■ **DATA SHOWN**
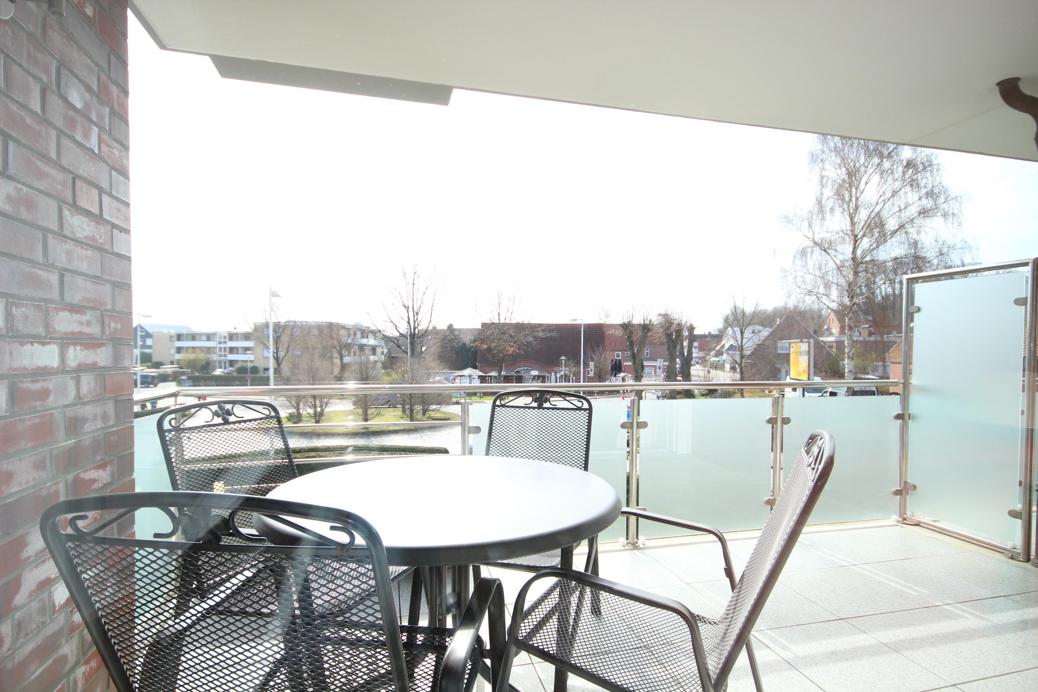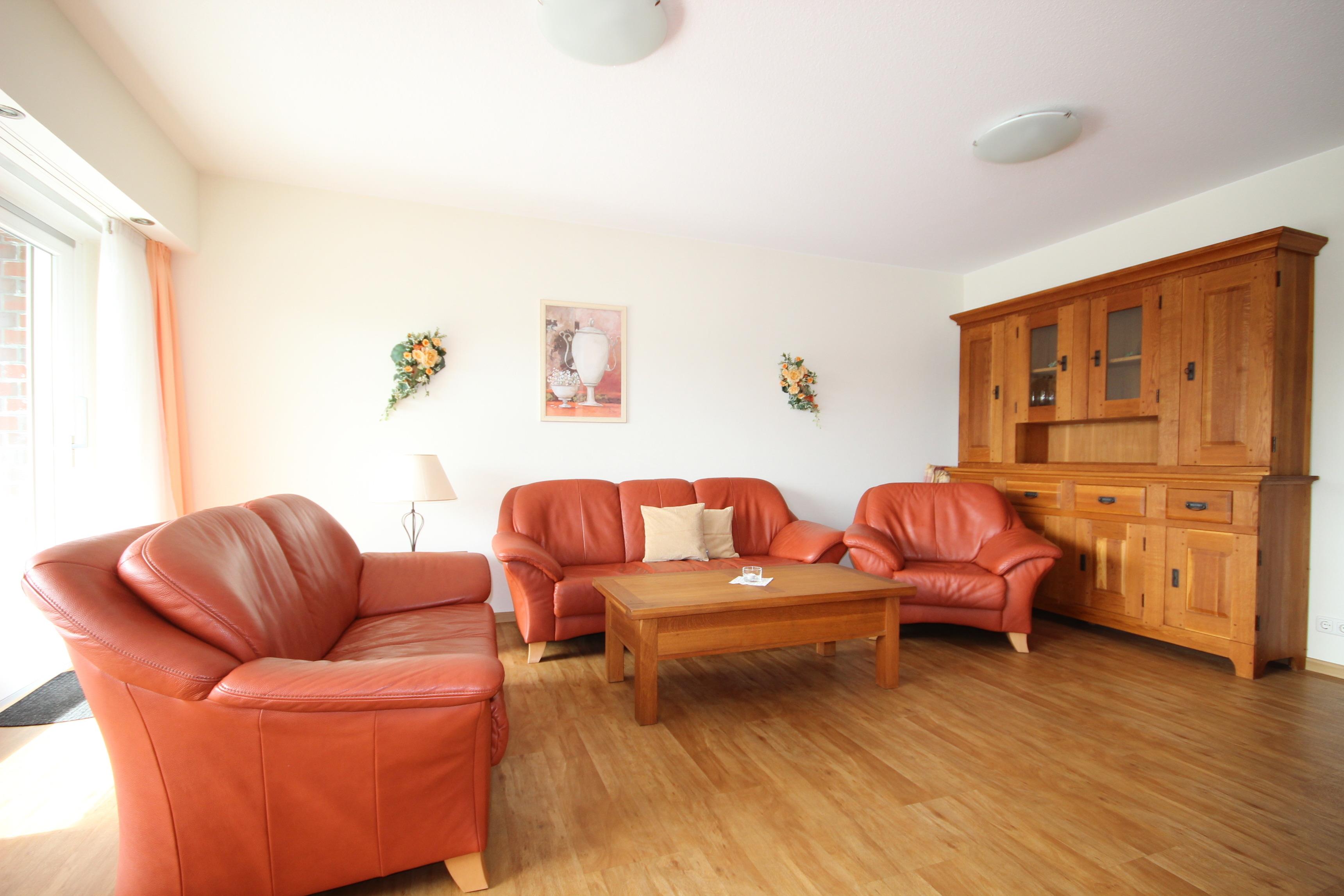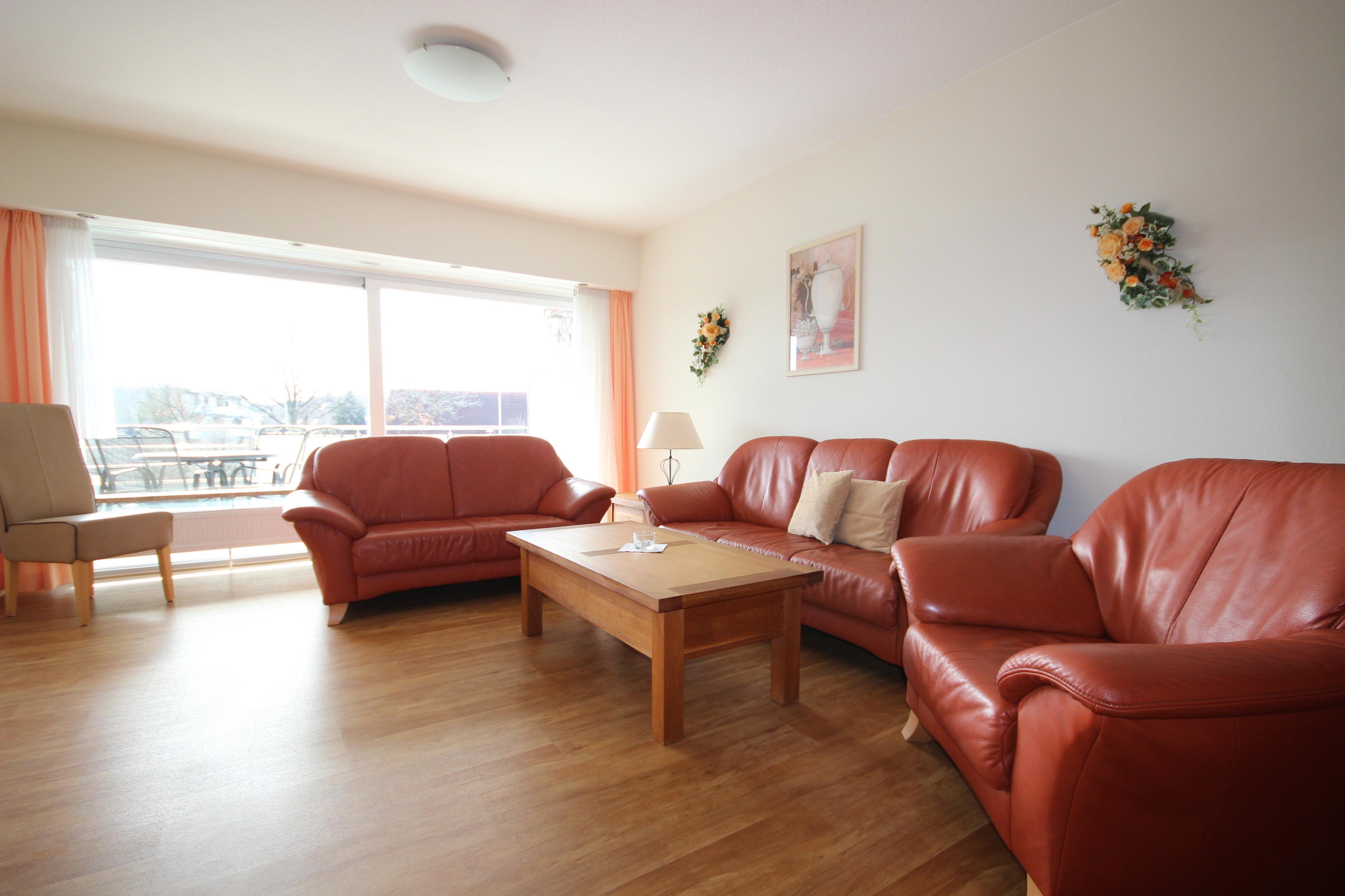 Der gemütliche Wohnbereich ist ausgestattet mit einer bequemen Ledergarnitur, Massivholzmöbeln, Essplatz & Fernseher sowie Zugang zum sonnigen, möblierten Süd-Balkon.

...

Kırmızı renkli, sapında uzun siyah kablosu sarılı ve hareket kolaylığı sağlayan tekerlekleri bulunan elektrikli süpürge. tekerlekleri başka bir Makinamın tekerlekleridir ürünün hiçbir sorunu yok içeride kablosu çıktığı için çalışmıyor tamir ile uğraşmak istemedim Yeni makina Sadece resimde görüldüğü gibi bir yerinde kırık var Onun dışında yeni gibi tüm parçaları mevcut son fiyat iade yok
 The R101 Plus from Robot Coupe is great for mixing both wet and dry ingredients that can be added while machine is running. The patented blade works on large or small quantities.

■ **TRY IT**
An exact copy of the lines above, from the one containing "Kırmızı renkli, sapında" through the one containing "The R101 Plus", is the whole of the answer.

■ **RESULT OF THE TASK**
Kırmızı renkli, sapında uzun siyah kablosu sarılı ve hareket kolaylığı sağlayan tekerlekleri bulunan elektrikli süpürge. tekerlekleri başka bir Makinamın tekerlekleridir ürünün hiçbir sorunu yok içeride kablosu çıktığı için çalışmıyor tamir ile uğraşmak istemedim Yeni makina Sadece resimde görüldüğü gibi bir yerinde kırık var Onun dışında yeni gibi tüm parçaları mevcut son fiyat iade yok
 The R101 Plus from Robot Coupe is great for mixing both wet and dry ingredients that can be added while machine is running. The patented blade works on large or small quantities.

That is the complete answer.